• Records for processing:
=-=-=-=-=

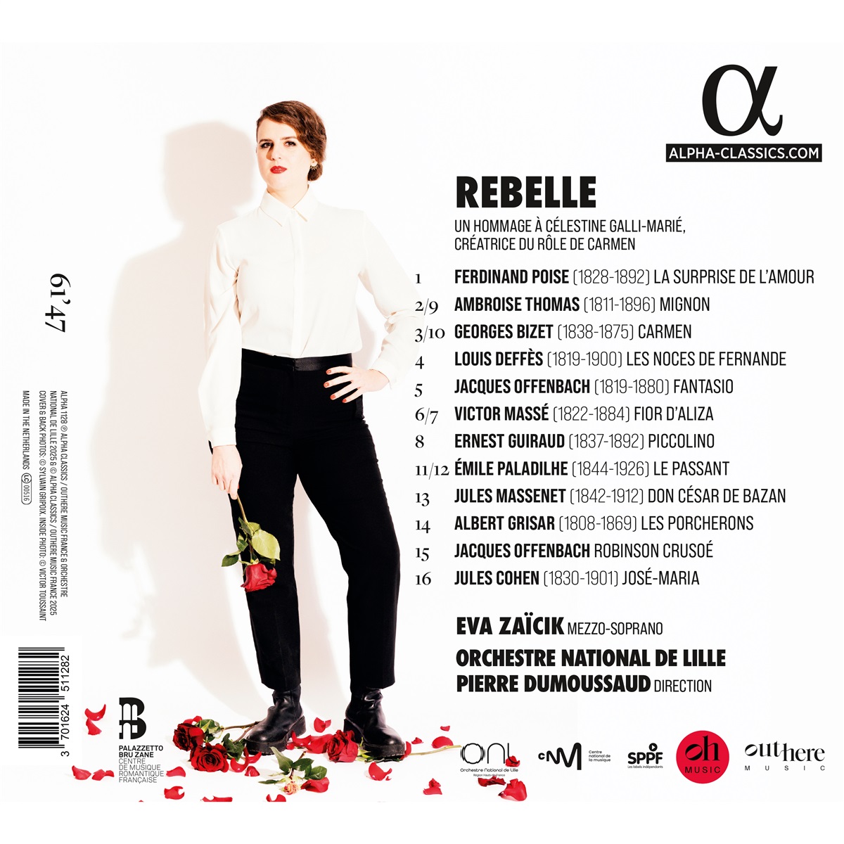 Anlässlich des 150. Todestages von Bizet und der Uraufführung seiner äußerst beliebten Carmen würdigen Alpha Classics und Le Palazzetto Bru Zane die Sängerin Célestine Galli-Marié, die von 1837-1905 lebte und die die Titelrolle der berühmten Bizet-Oper zum Erfolg brachte. Sie war eine bemerkenswerte Schauspielerin und Sängerin, die in fünfzehn Jahren sechzehn Rollen an der Opéra-Comique verkörperte, darunter die ikonische Mignon von Ambroise Thomas und Jacques Offenbachs Fantasio. Die französische Mezzosopranistin Eva Zaïcik zeigt sich hocherfreut, die Rollen einer so schillernden Künstlerin zu übernehmen: „Célestine verkörperte eine bestimmte Vorstellung von künstlerischer und weiblicher Rebellion. Ihre Stimme, ihr Charisma und ihr einzigartiger theatralischer Ansatz erweckten Figuren zum Leben, die frei und komplex waren und oft mit den Normen ihrer Zeit kämpften.“ Unterstützt von Pierre Dumoussaud und dem Orchestre National de Lille verkörpert Eva Zaïcik nicht nur brillant Figuren von Bizet, Massenet, Offenbach und Thomas, sondern haucht auch Arien von Paladilhe, Poise, Deffès, Massé, Guiraud, Cohen und Grisar neues Leben ein. Ganz im Sinne der großen Künstlerin des 19. Jahrhunderts.
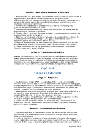 Este documento define o regime de funcionamento de uma escola. Estabelece que o Conselho Geral é o órgão máximo de direção que define as linhas orientadoras da escola e é composto por representantes da comunidade escolar. Também define outros órgãos como o Director e os seus poderes e deveres.
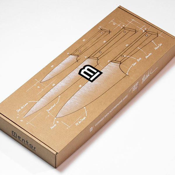 Bonjour. Merci pour votre retour. Concernant l'emballage, ce dernier est prévu pour protéger vos couteaux pendant le transport. En cuisine, le Chef recommande d'accrocher vos couteaux sur une barre aimantée pour en profiter au quotidien en toute simplicité. Nous restons disponibles pour répondre à vos questions à l'adresse boutique@philippe-etchebest.com.
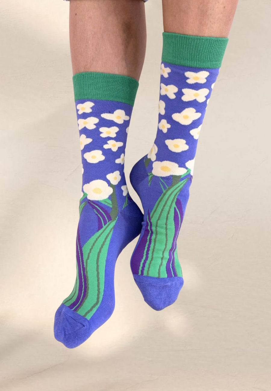 Realizzati in un tessuto morbido e traspirante, questi calzini garantiscono comfort per tutto il giorno, mostrando una stampa giocosa di fiori che sicuramente delizierà. Che tu sia a casa, al lavoro o in avventura, questi calzini aggiungono un tocco divertente a qualsiasi outfit.
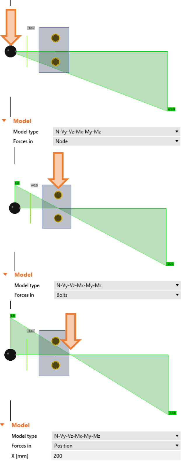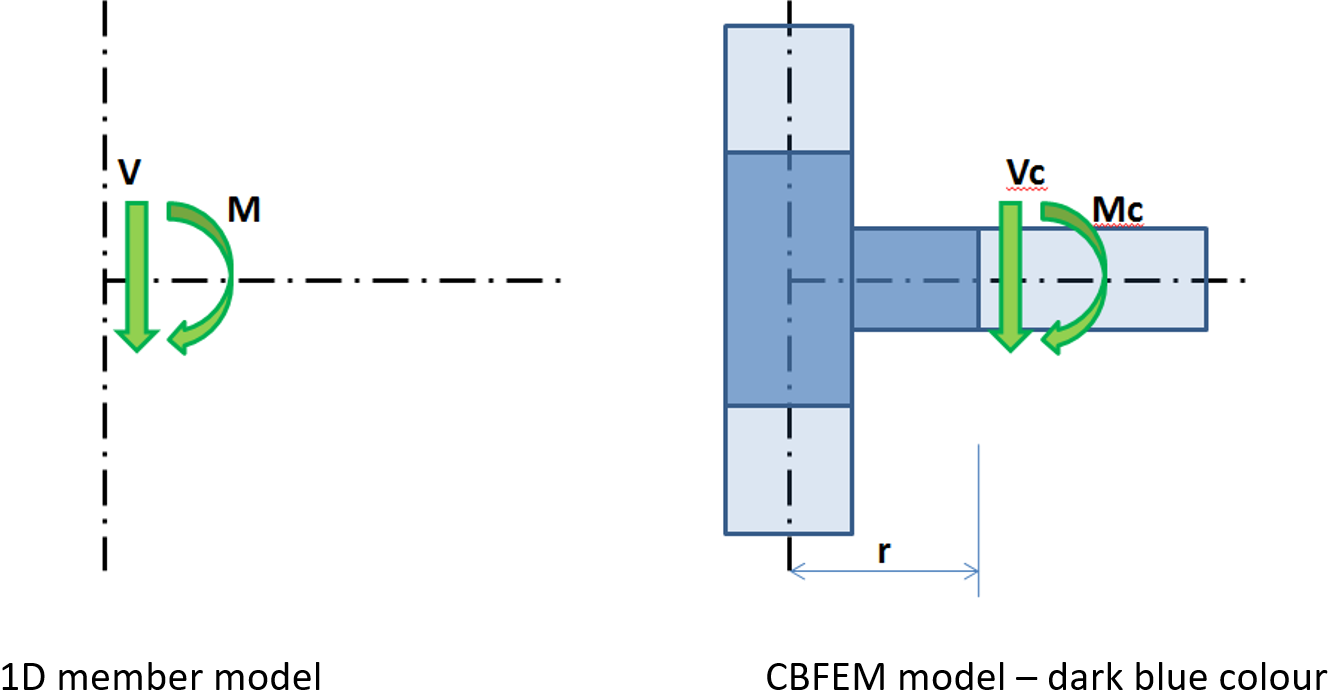 For better precision of the CBFEM model, the end forces on 1D members are applied as loads on the segment ends. Sextuplets of forces from the theoretical joint are transferred to the end of the segment – the values of forces are kept, but the moments are modified by the actions of forces on corresponding arms.
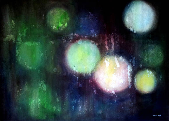 ▲김태권, '레이니 나이트(Rainy Night)'. 종이에 채색, 55 x 76cm. 2013.
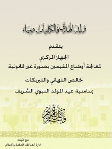 يتقدم  الجهاز المركزي لمعالجة أوضاع المقيمين بصورة غير قانونية بخالص التهاني والتبريكات  بمناسبة عيد  المولد النبوي الشريف.
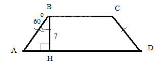 3) В равнобедренной трапеции ABCD проведена высота BН, которая равна 7. Угол АВН равен 60°. Найти сторону CD.
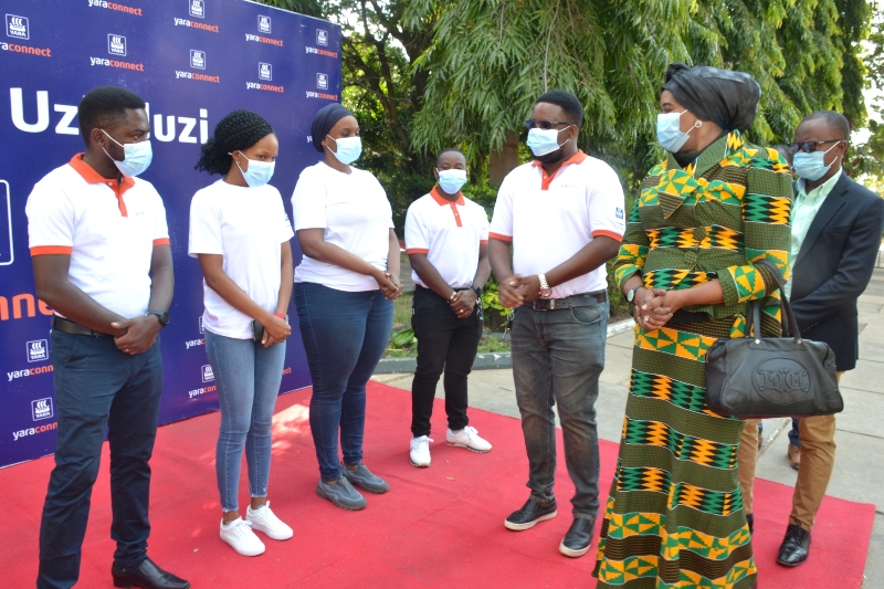 Mkuu wa Mkoa wa Tabora, Balozi Dk. Batilda Burian (kulia), akitambulishwa kwa baadhi ya wafanyakazi wa Kampuni ya Mbolea ya Yara na Bwanashamba Mauzo Kanda ya Ziwa na Magharibi wa kampuni hiyo, Khaji Halidi (kulia kwake), alipokwenda kuzindua program ya yaraConnect kwa Mkoa wa Dodoma jana. Programu hiyo inayopatikana katika simu janja kupitia ‘play store na app store’ inalenga katika kutoa elimu ya utaalamu wa masuala ya kilimo.

=-=-=-=-=

Print all of the data exactly, and do not carry over any pictures.

 Anlässlich des 150. Todestages von Bizet und der Uraufführung seiner äußerst beliebten Carmen würdigen Alpha Classics und Le Palazzetto Bru Zane die Sängerin Célestine Galli-Marié, die von 1837-1905 lebte und die die Titelrolle der berühmten Bizet-Oper zum Erfolg brachte. Sie war eine bemerkenswerte Schauspielerin und Sängerin, die in fünfzehn Jahren sechzehn Rollen an der Opéra-Comique verkörperte, darunter die ikonische Mignon von Ambroise Thomas und Jacques Offenbachs Fantasio. Die französische Mezzosopranistin Eva Zaïcik zeigt sich hocherfreut, die Rollen einer so schillernden Künstlerin zu übernehmen: „Célestine verkörperte eine bestimmte Vorstellung von künstlerischer und weiblicher Rebellion. Ihre Stimme, ihr Charisma und ihr einzigartiger theatralischer Ansatz erweckten Figuren zum Leben, die frei und komplex waren und oft mit den Normen ihrer Zeit kämpften.“ Unterstützt von Pierre Dumoussaud und dem Orchestre National de Lille verkörpert Eva Zaïcik nicht nur brillant Figuren von Bizet, Massenet, Offenbach und Thomas, sondern haucht auch Arien von Paladilhe, Poise, Deffès, Massé, Guiraud, Cohen und Grisar neues Leben ein. Ganz im Sinne der großen Künstlerin des 19. Jahrhunderts.
 Este documento define o regime de funcionamento de uma escola. Estabelece que o Conselho Geral é o órgão máximo de direção que define as linhas orientadoras da escola e é composto por representantes da comunidade escolar. Também define outros órgãos como o Director e os seus poderes e deveres.
 Bonjour. Merci pour votre retour. Concernant l'emballage, ce dernier est prévu pour protéger vos couteaux pendant le transport. En cuisine, le Chef recommande d'accrocher vos couteaux sur une barre aimantée pour en profiter au quotidien en toute simplicité. Nous restons disponibles pour répondre à vos questions à l'adresse boutique@philippe-etchebest.com.
 Realizzati in un tessuto morbido e traspirante, questi calzini garantiscono comfort per tutto il giorno, mostrando una stampa giocosa di fiori che sicuramente delizierà. Che tu sia a casa, al lavoro o in avventura, questi calzini aggiungono un tocco divertente a qualsiasi outfit.
 For better precision of the CBFEM model, the end forces on 1D members are applied as loads on the segment ends. Sextuplets of forces from the theoretical joint are transferred to the end of the segment – the values of forces are kept, but the moments are modified by the actions of forces on corresponding arms.
 ▲김태권, '레이니 나이트(Rainy Night)'. 종이에 채색, 55 x 76cm. 2013.
 يتقدم  الجهاز المركزي لمعالجة أوضاع المقيمين بصورة غير قانونية بخالص التهاني والتبريكات  بمناسبة عيد  المولد النبوي الشريف.
 3) В равнобедренной трапеции ABCD проведена высота BН, которая равна 7. Угол АВН равен 60°. Найти сторону CD.
 Mkuu wa Mkoa wa Tabora, Balozi Dk. Batilda Burian (kulia), akitambulishwa kwa baadhi ya wafanyakazi wa Kampuni ya Mbolea ya Yara na Bwanashamba Mauzo Kanda ya Ziwa na Magharibi wa kampuni hiyo, Khaji Halidi (kulia kwake), alipokwenda kuzindua program ya yaraConnect kwa Mkoa wa Dodoma jana. Programu hiyo inayopatikana katika simu janja kupitia ‘play store na app store’ inalenga katika kutoa elimu ya utaalamu wa masuala ya kilimo.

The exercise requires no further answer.